The total installed base of AI-enabled devices in industrial manufacturing is forecast to reach 15.4 million within five years, with a CAGR of 64.8% from 2019 to 2024.
It’s claimed that Artificial Intelligence (AI) will revolutionise the industrial manufacturing space, and in many respects that transformation has already begun.
AI is already delivering generative design in product development, production forecasting in inventory management, and machine vision, defect inspection, production optimisation, and predictive maintenance in the production phase.
“AI in industrial manufacturing is a story of edge implementation,” says Lian Jye Su, principal analyst at global tech market advisory firm, ABI Research.
“Since manufacturers are not comfortable having their data transferred to a public cloud, nearly all industrial AI training and inference workloads happen at the edge, namely on device, gateways and on-premise servers.”
To facilitate this, AI chipset manufacturers and server vendors have designed AI-enabled servers specifically for industrial manufacturing.
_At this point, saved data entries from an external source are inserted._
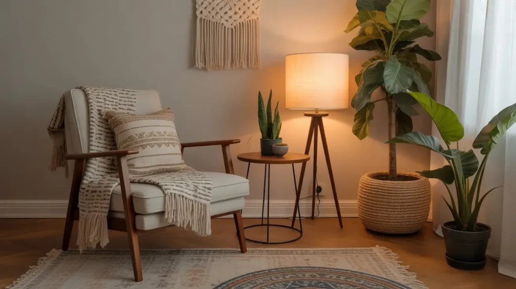 - The Light: It needs its own dedicated light source. A slim, brass floor lamp (MCM) or a small, woven pendant hanging from the ceiling (Boho) will create a warm, inviting glow.
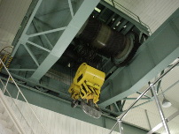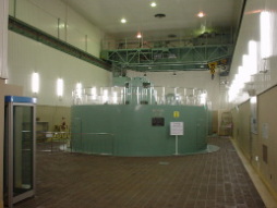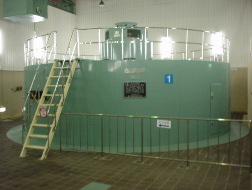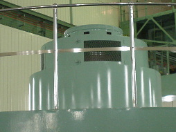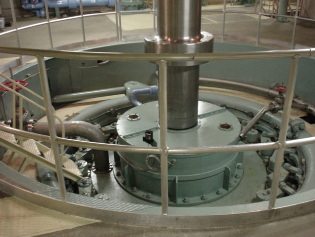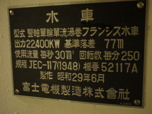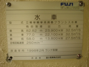 この発電機(立軸傘型発電機)は、水車(立軸渦巻フランシス型水車)と主軸によって連結されていて、毎分250回転し23100キロワットの電力(30アンペア契約の一般家庭約1万軒分)をつくりだしています。
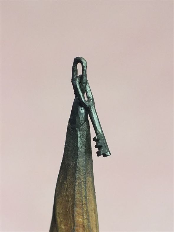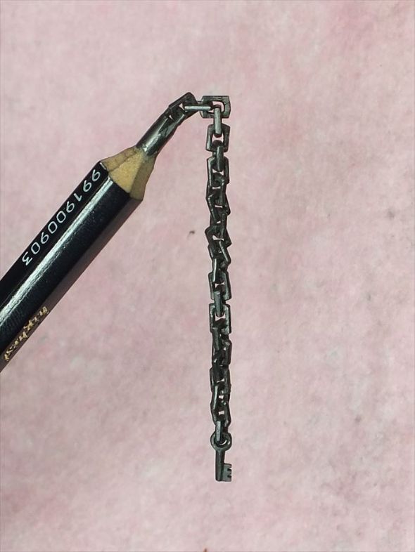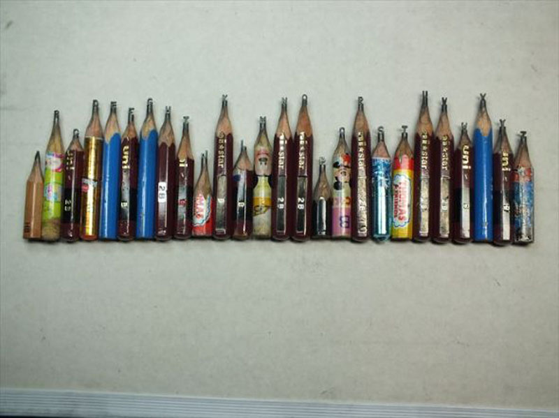 山崎氏は「5、6年前に、テレビで非常に精巧な米國の彫刻家の作品を見た。年末の大掃除をしていたらたまたま鉛筆がいっぱい出てきたので、鉛筆の芯の上に彫刻をする生活を始めました」と話す。
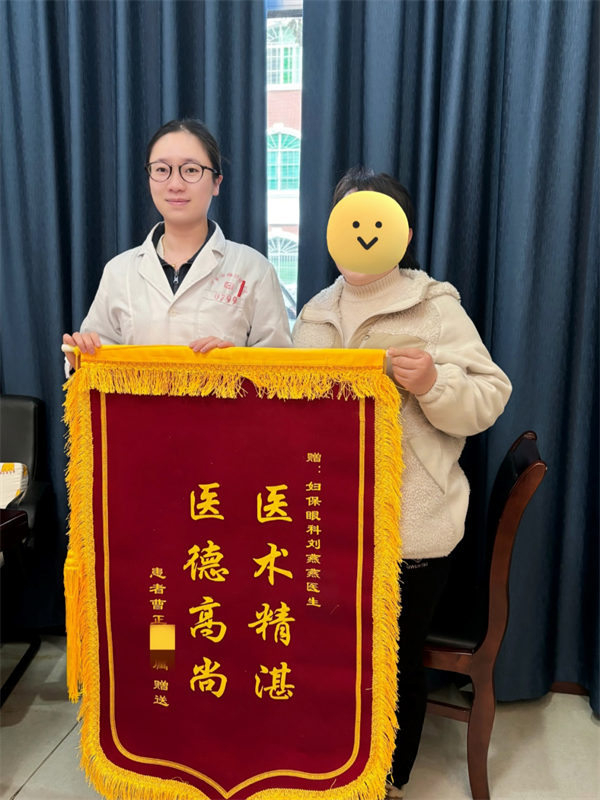 怀疑犬弓蛔虫感染,建议马上转上级医院,医生立即与上海交通大学新华医院眼科主任联系。家长和孩子当天就出发去了上海,经过一系列的检查,最终确诊为犬弓蛔虫感染,孩子经玻璃体切除光凝手术后,视力最终保留了指数/70cm。家长为了表示感谢特意送来了这面锦旗。
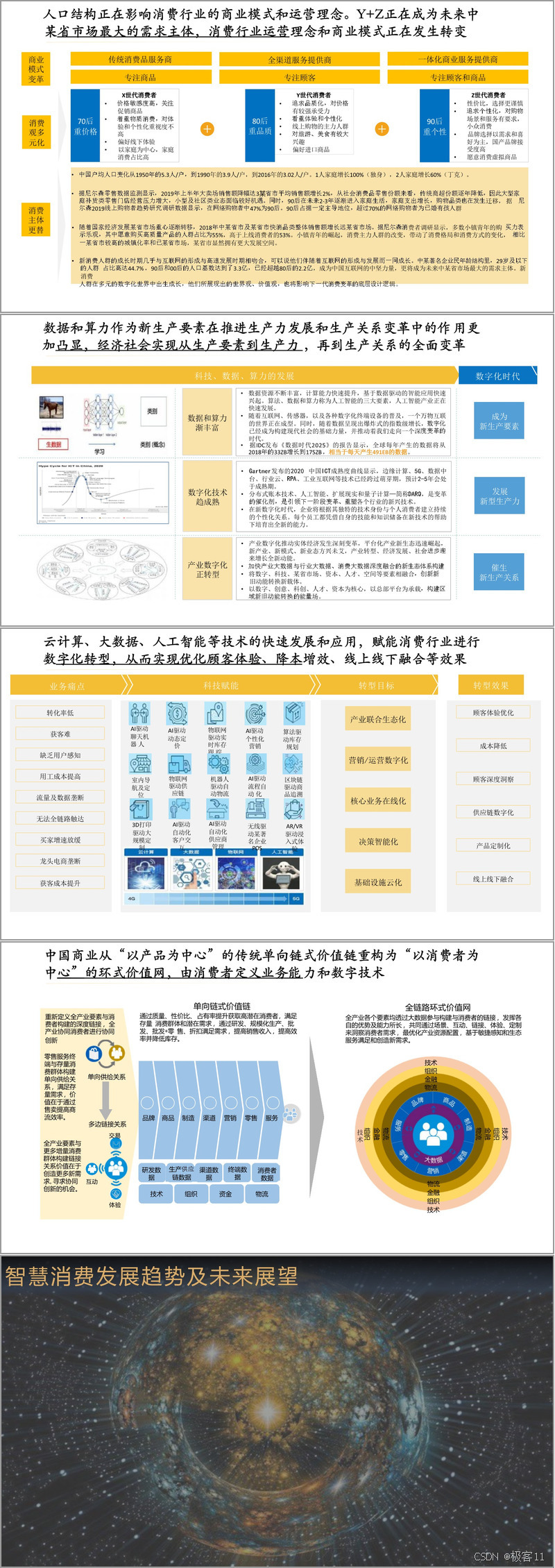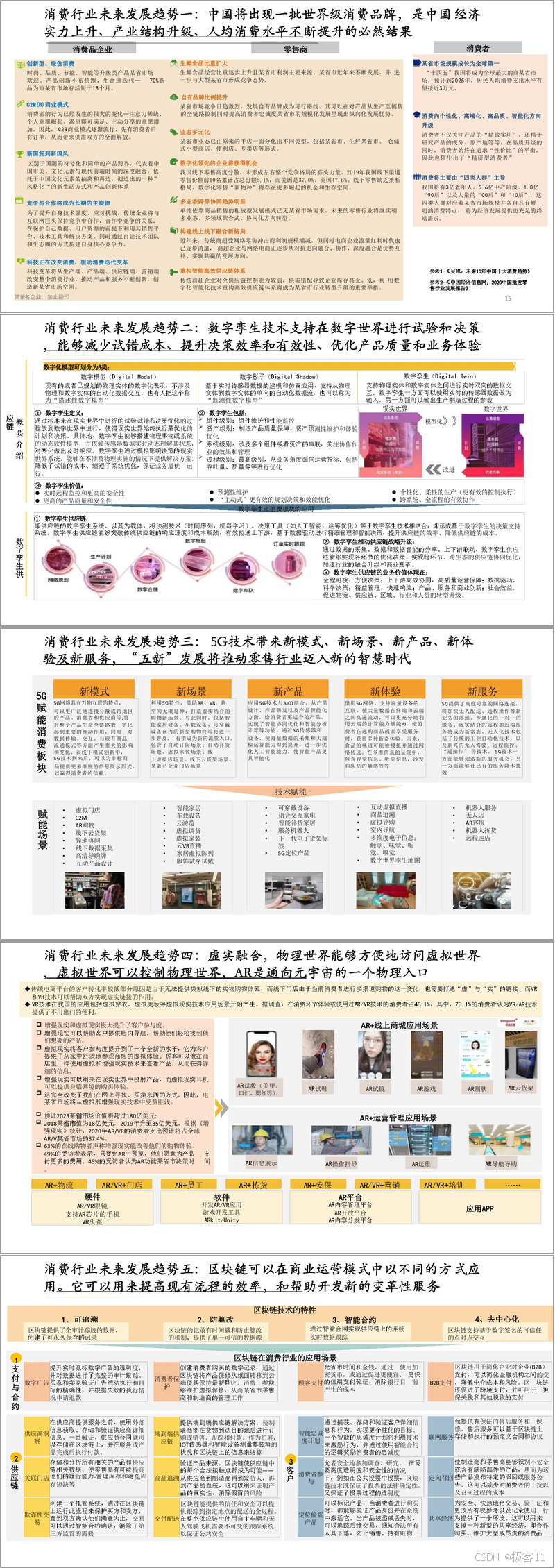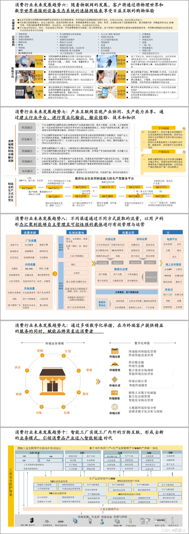 智慧消费发展呈现多方面趋势。中国将出现世界级消费品牌;数字孪生技术能减少试错成本、提升决策效率;5G 技术带来新模式等 “五新” 发展;虚实融合成趋势,AR 是元宇宙物理入口;区块链可提高流程效率、开发新服务;物联网让购物体验更互联;产业互联网实现产业协同;不同渠道流量汇聚管理;数字化举措赋能品牌商;智能工厂引领智能制造时代。

More and more industrial infrastructure is equipped with AI software or dedicated AI chipsets to perform AI inference.
Despite these solutions and the wealth of manufacturing data being generated, the implementation of AI in industrial environments hasn’t been as seamless or as rapid as expected.
Among all the use cases, predictive maintenance and equipment monitoring are the most commercially implemented so far, due to the maturity of associated AI models.
The total installed base for these two use cases alone is expected to reach 9.8 million and 6.7 million, respectively, by 2024, according to ABI research. Though it’s worth noting that many of these AI-enabled industrial devices support multiple use cases on the same device due to advancements in AI chipsets.
Product inspection
Another commercial use case currently gaining momentum is defect inspection. The total installed base for this use case is expected to grow from 300,000 in 2019 to more than 3.7 million by 2024.
This is a use case that is extremely popular in electronic and semiconductor manufacturing, where major manufacturers, such as Samsung, LG and Foxconn, have been partnering with AI chipset vendors and software providers to develop AI-based machine vision to perform surface, leak and component-level defect detection, microparticle detection, geometric measurement, and classification.
Conventional machine vision technology remains popular in the manufacturing factory, due to its proven repeatability, reliability, and stability.
However, the emergence of deep learning technologies opens the possibility of expanded capabilities and flexibility. These algorithms can pick up unexpected product abnormalities or defects, go beyond existing issues and uncover valuable new insights for manufacturers.